Sal is out there non-stop, doing whatever he has to do to turn his dream into reality. A few hours with him, combined with Hank and, of course, the shrink, and I'm ready to jump back into the snake pit.

So, yeah, I do know why I bother: because it would bother me a hell of a lot more if I didn't bother, if I gave up and watched reality shows and crime dramas until they carted me off to the old age home. I'll work on other scripts and stories and whatever else and I'll keep going until I find the right combination to get my work out there.

And if that doesn't work, there's always sumo wrestling. Wonder how I'd look in one of those little diapers.

Comments

Rob K said…
Thanks, Peace, so much. I knew I could count on you. You always say the kindest things. I feel I don't deserve half of them, but you make me want to try to reach higher.

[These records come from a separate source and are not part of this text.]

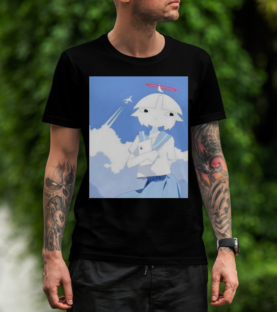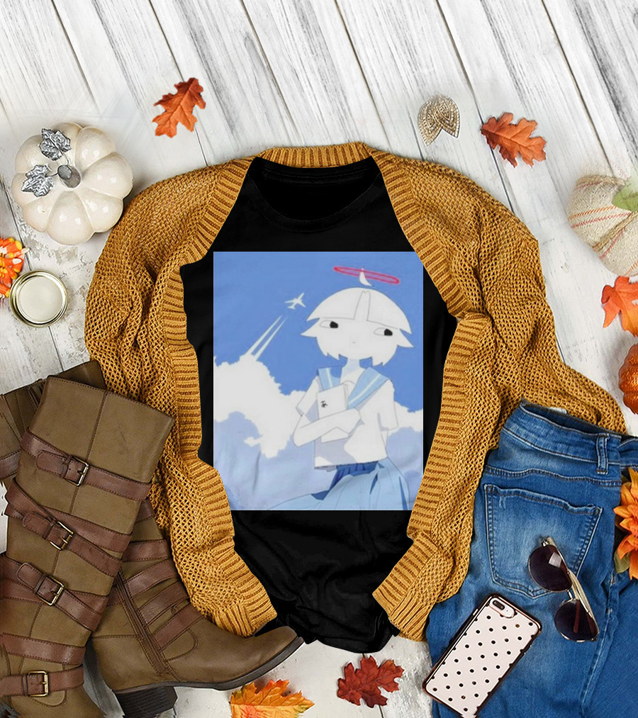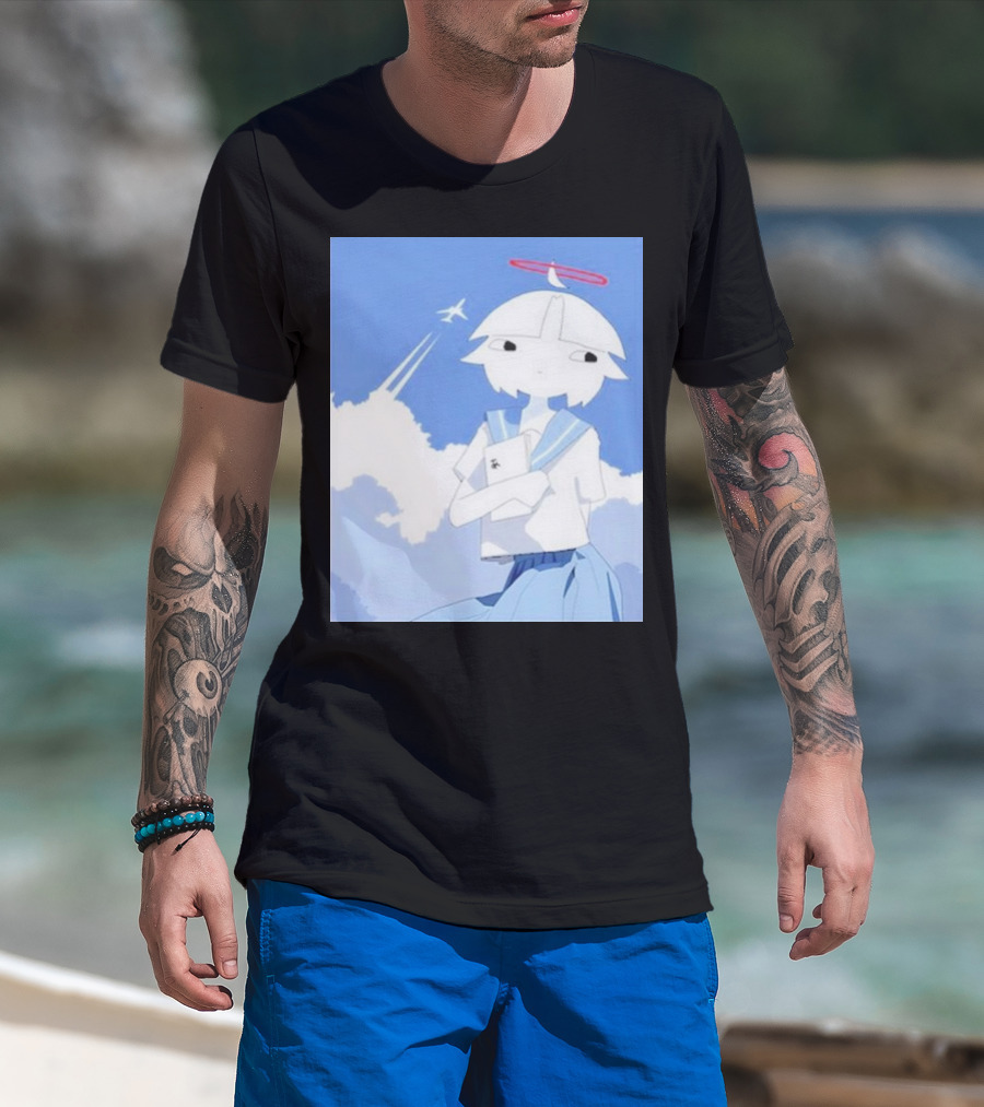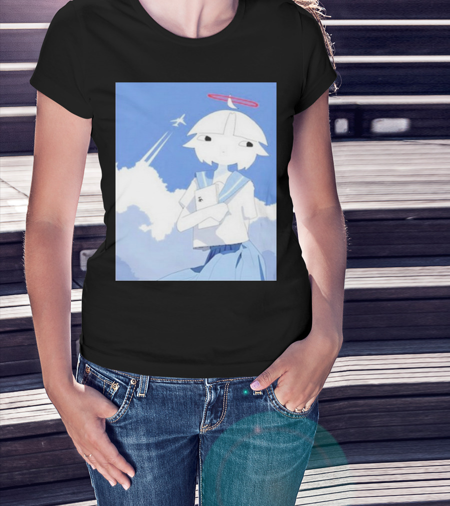 Chew’s District Clowdy Angelic Character Holding Notebook In Blue Sky With Airplane T-Shirt
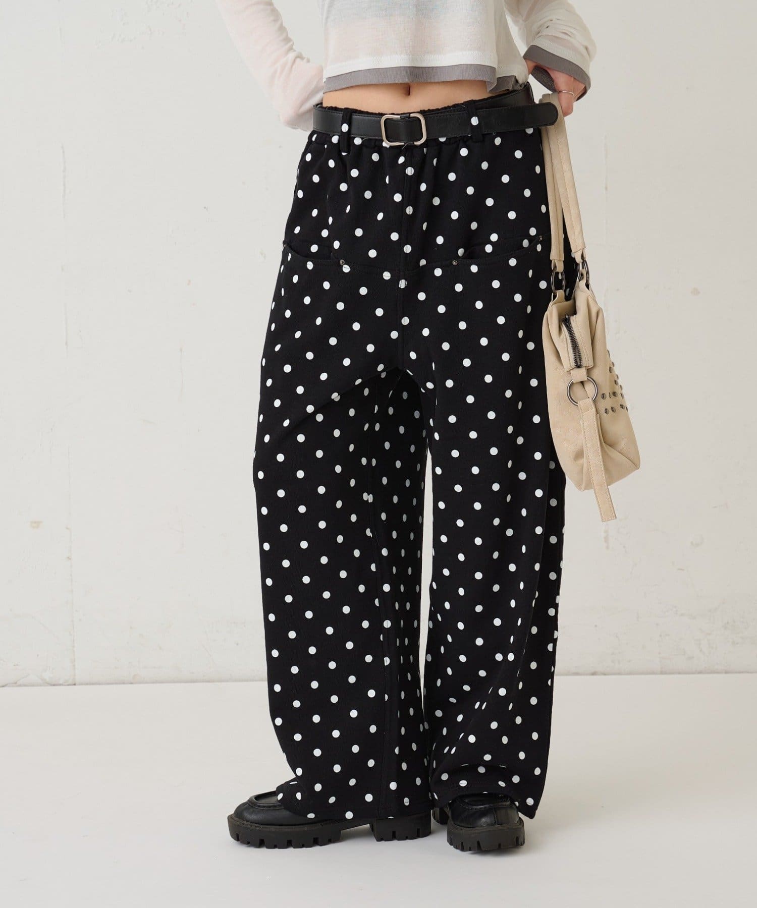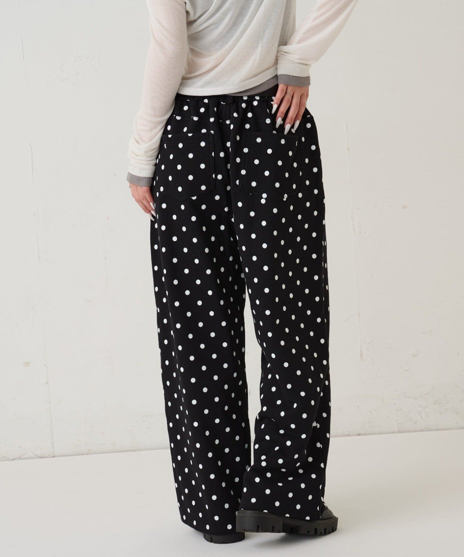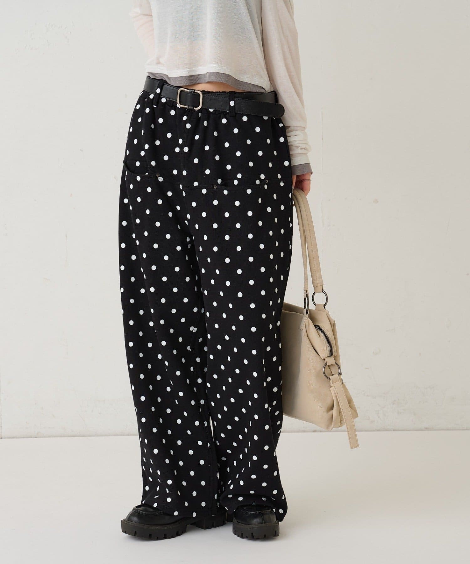 ・シンプルなトップスで合わせて着るとドットが目立ってパンツが主役のコーディネートになります。
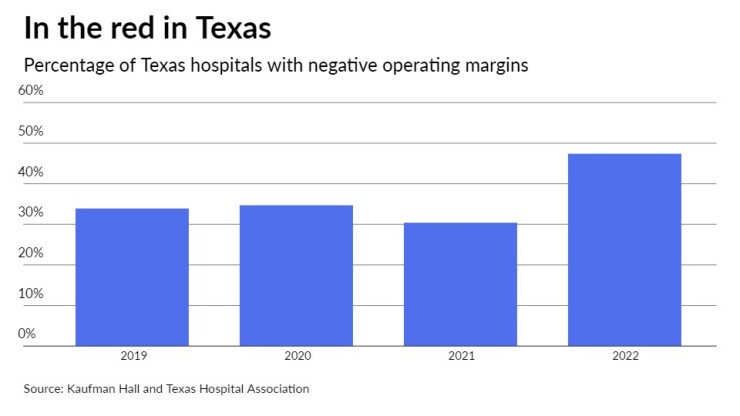 The Kaufman Hall report for the Texas Hospital Association said operating margins are 24.1% below 2019 levels with nearly half of hospitals experiencing negative margins this year, compared to about a third in 2019 as revenue lags the cost of patient care.
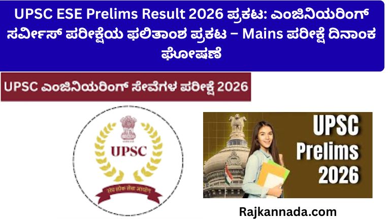 UPSC ESE Prelims Result 2026 ಪ್ರಕಟ: ಎಂಜಿನಿಯರಿಂಗ್ ಸರ್ವೀಸ್ ಪರೀಕ್ಷೆಯ ಫಲಿತಾಂಶ ಪ್ರಕಟ – Mains ಪರೀಕ್ಷೆ ದಿನಾಂಕ ಘೋಷಣೆ ಕೇಂದ್ರ ಸರ್ಕಾರಿ ಇಂಜಿನಿಯರಿಂಗ್ ಸೇವೆಗಳಲ್ಲಿ …
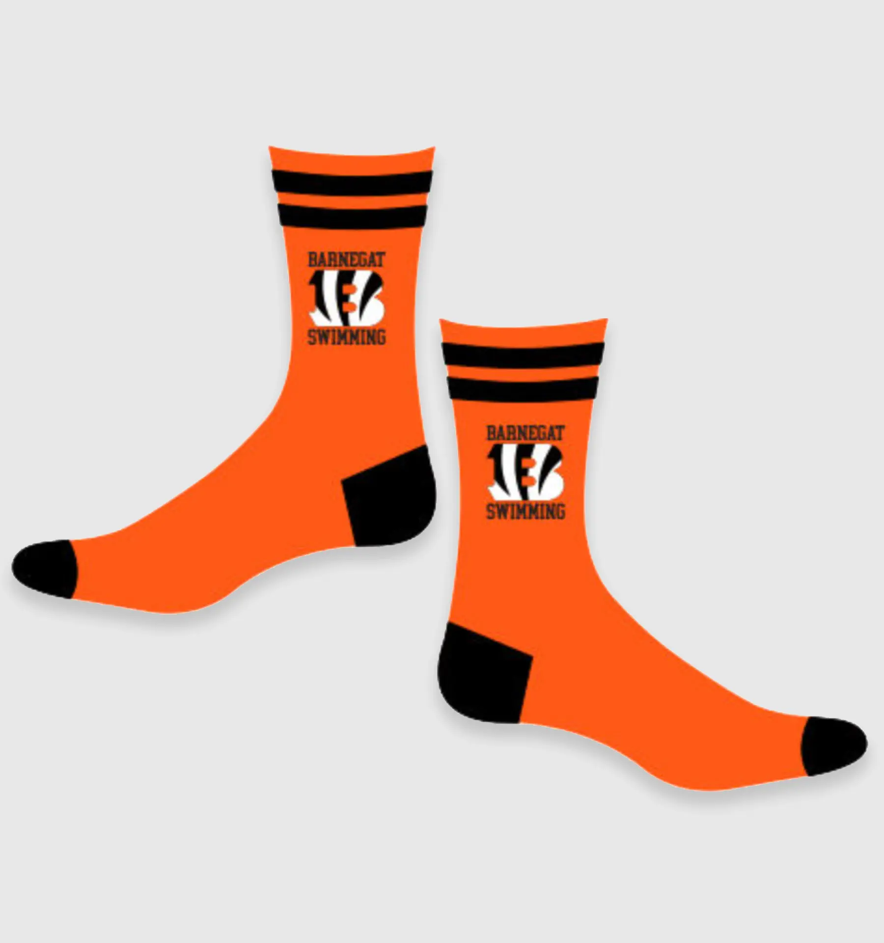Step up your team spirit and performance with these vibrant Barnegat High School Swim Team socks! Featuring the bold Barnegat “B” logo, these socks are packed with features designed for both style and comfort. Made with moisture-wicking technology to keep your feet dry, arch support for added stability, and a cushioned sole for all-day comfort, they are perfect for staying cozy and stylish on meet days or for everyday wear. The bright orange base with black accents creates a sharp, sporty look that lets you represent your team with pride.
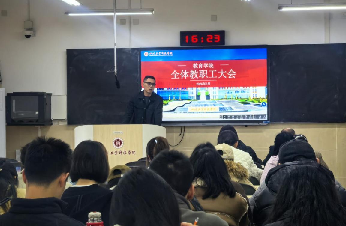 3月19日,教育学院在龑江D404教室召开全体教职工大会。学院院长蔡林、副院长熊清明分别就近期重点工作作出部署,全院教职工参加会议。
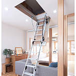 ロフトには天井収納用はしごを採用。軽量で取り扱いも簡単。普段は天井に収納できるので空間を広く使えます。
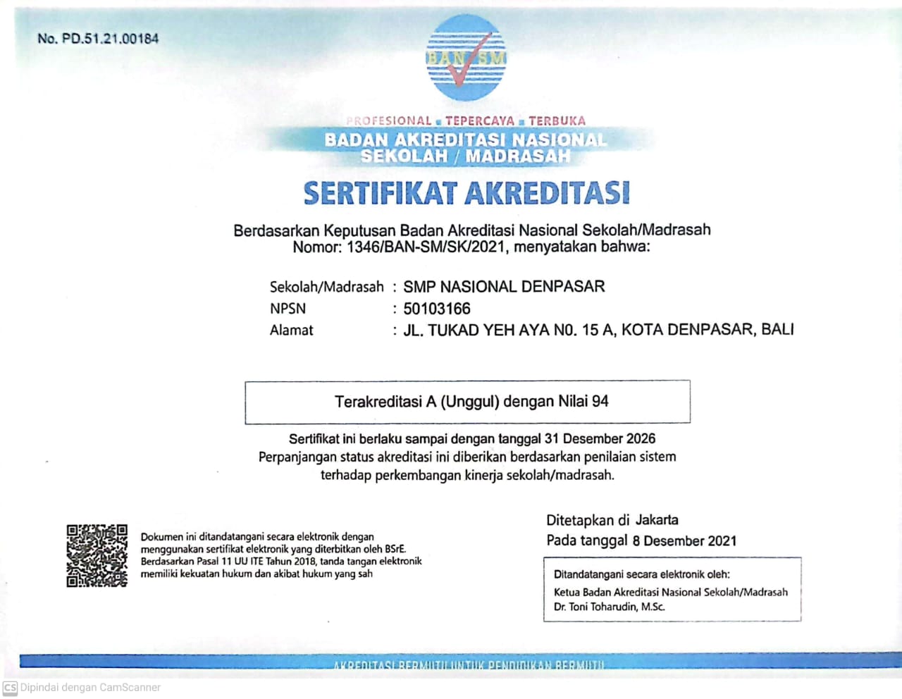 SMP Nasional Denpasar memiliki akreditasi yang baik, yang menunjukkan komitmen kami untuk memberikan pendidikan berkualitas tinggi. Akreditasi ini menjadi bukti bahwa kami memenuhi standar pendidikan nasional dan terus berupaya untuk memberikan pengalaman belajar terbaik bagi setiap siswa.
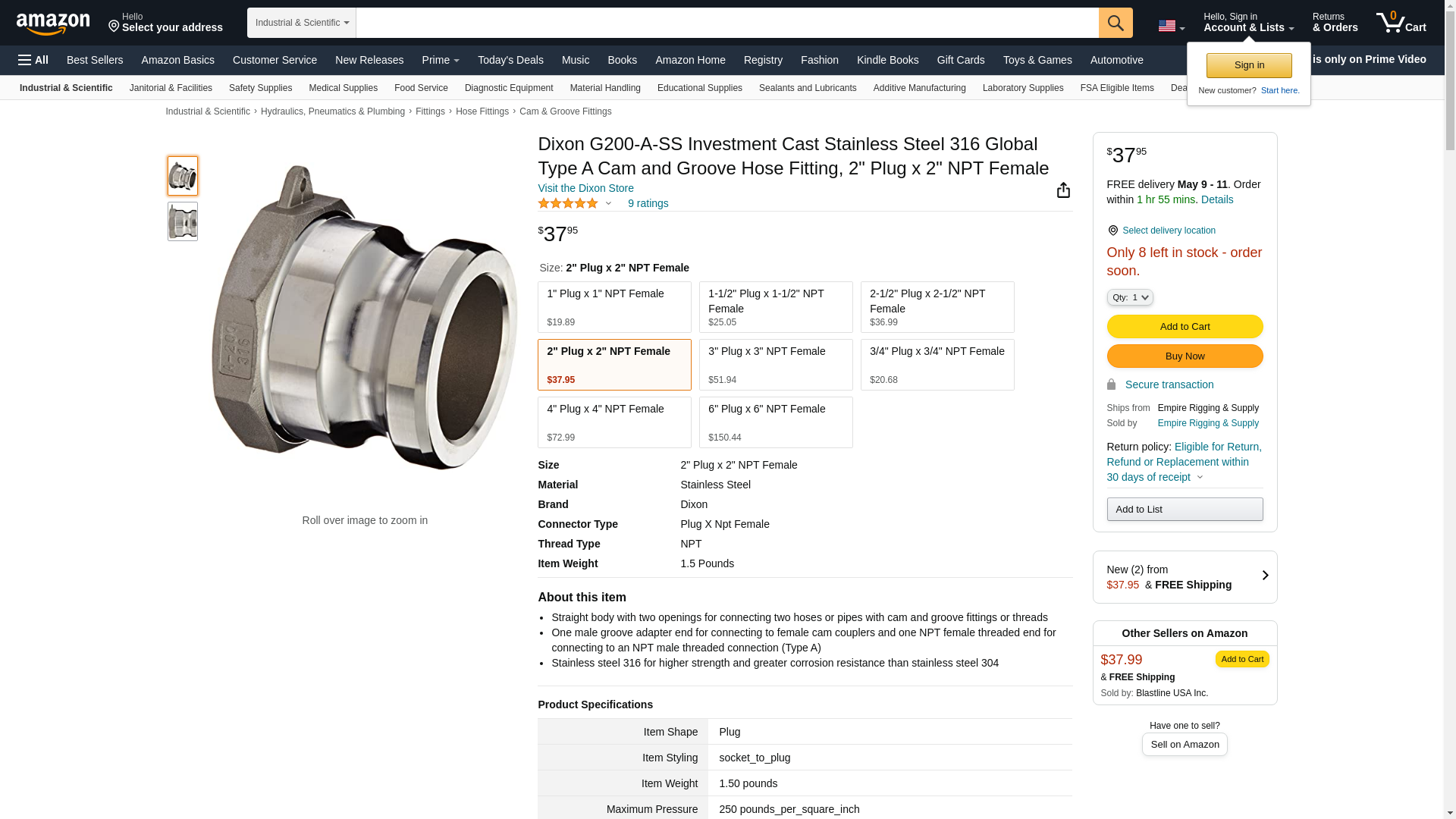 <p><strong>Dixon, G200-A-SS, 2" 316 Investment Cast Stainless Steel Global Cam & Groove Type A Adapter X Female NPT</strong></p><p><strong>Applications</strong></p><ul><li>Designed for use with liquids</li></ul><p><strong>Specifications</strong></p><ul><li>Designed to interchange with all products produced to A-A-59326D</li></ul><p><strong>Features</strong></p><ul><li>Made to Dixon specifications and branded Dixon</li></ul><p><strong>How it works</strong></p><ul><li>To make a connection, simply slide the adapter into the coupler and with normal hand pressure, press the cam levers down.</li><li>Uncoupling is as quick and simple as coupling. Just lift the cam arms and remove the adapter.</li></ul><p><strong>Safety notes</strong></p><ul><li>Under no circumstances should cam and groove couplings be used for compressed air or steam service!</li><li>Pressure rating is based on the seal of the mating part</li><li>Pressure rating recommendations are based on the use of mating Dixon fittings at ambient temperature 70°F / 21°C with a standard seal installed.</li></ul>
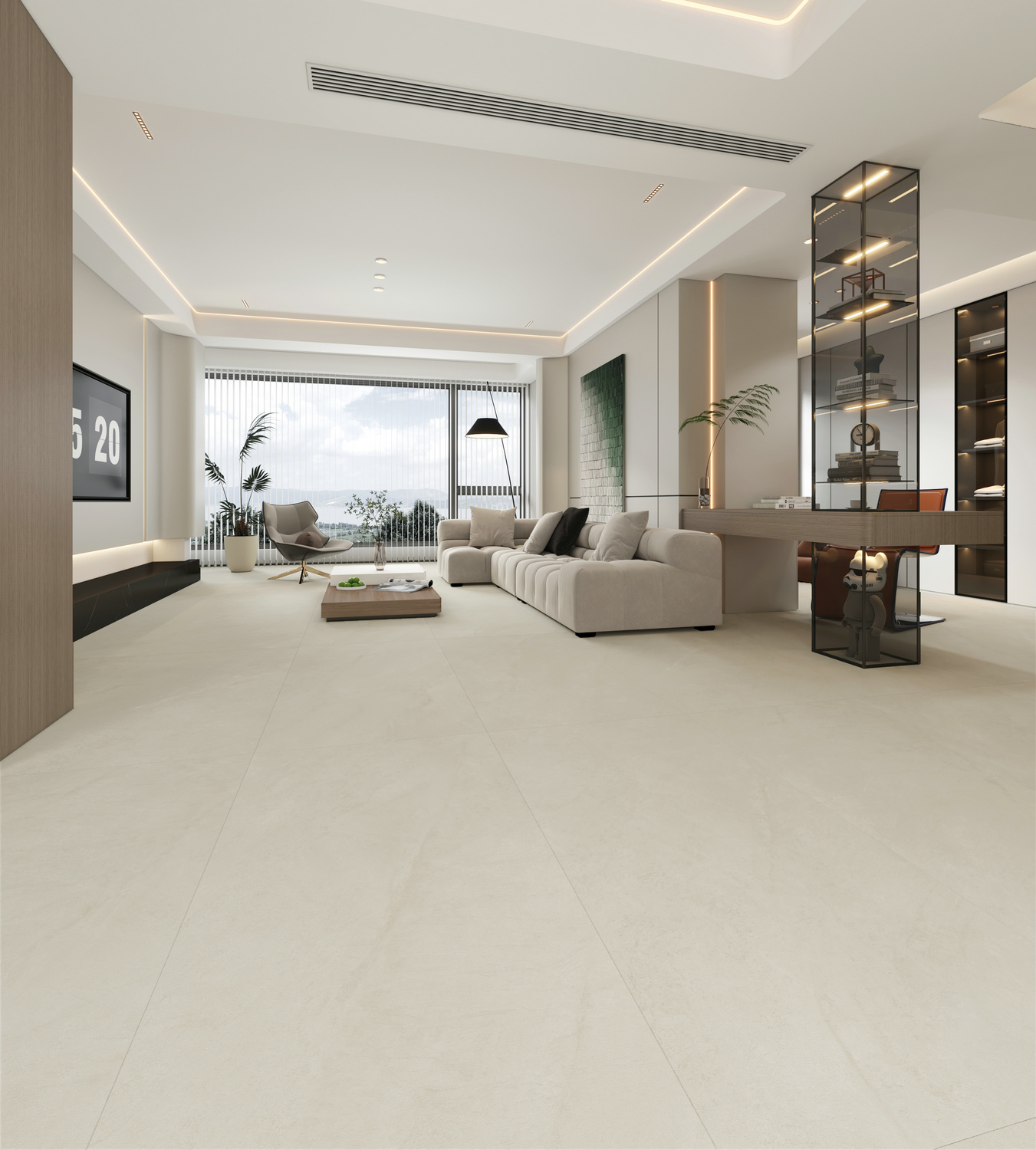 煙波浩渺,水天一色,春水青山,風(fēng)景如畫。極淺的紋理在板面鋪開,像江面上的煙霧彌漫開來,浩浩湯湯,亦真亦幻。暖色系營(yíng)造閑適自在的生活意境,讓空間更有情感格調(diào)。
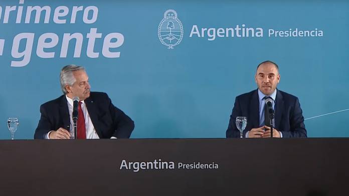Alberto Fernández y Martín Guzmán, en la presentación del proyecto (Captura de TV).
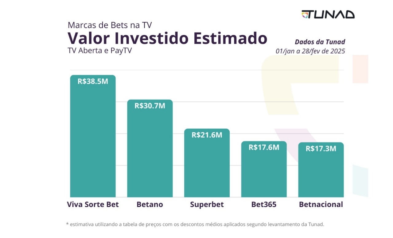 Após um estudo realizado pela Tunad no ano passado, que revelou quais foram as casas de apostas esportivas que mais investiram na TV linear em 2024, este novo levantamento analisa o desempenho dessas marcas no primeiro bimestre de 2025.

Maybe I should I pay you for therapy sessions!

Yeah, and I'm skipping the sumo business. Couldn't hanlde the weight gain.
Rob K said…
Pack my bags!!!
Unknown said…
When the going gets tough the tough get going, so move your ass. I'm talking to me and you. I live the same existence, the same mind set. I used to read blogs like Miss Snark and finally realized that she's actually an attention seeking literary agent that thinks her shit comes out in zip-lock baggies But it stinks to high heaven of a pious, pompos ass and I don't care if I never get published if I had to kiss her ass. A lot in this industry is apparently like that. But she only discouraged me to the point I was sitting back thinking what's the frigin' point when there's no point? Did that make sense. It doesn't matter what we do as long as we continue to have that drive, that edge that compels us to keep going cause it'll happen. It sure as hell beats sitting on the couch all involved in CSI or whatever. For me, my blog is my spot to practice writing, to jot memories and to step away from the rigors as in rigor mortis of life setting in or settling for.Keep an open mind and something will generate, I have faith and faith in you!xoxo
Rob K said…
Barbara, thanks so much for your support. I love the way you look at things, that mindset, that can keep you from going completely batty.

Take care of yourself and thanks again.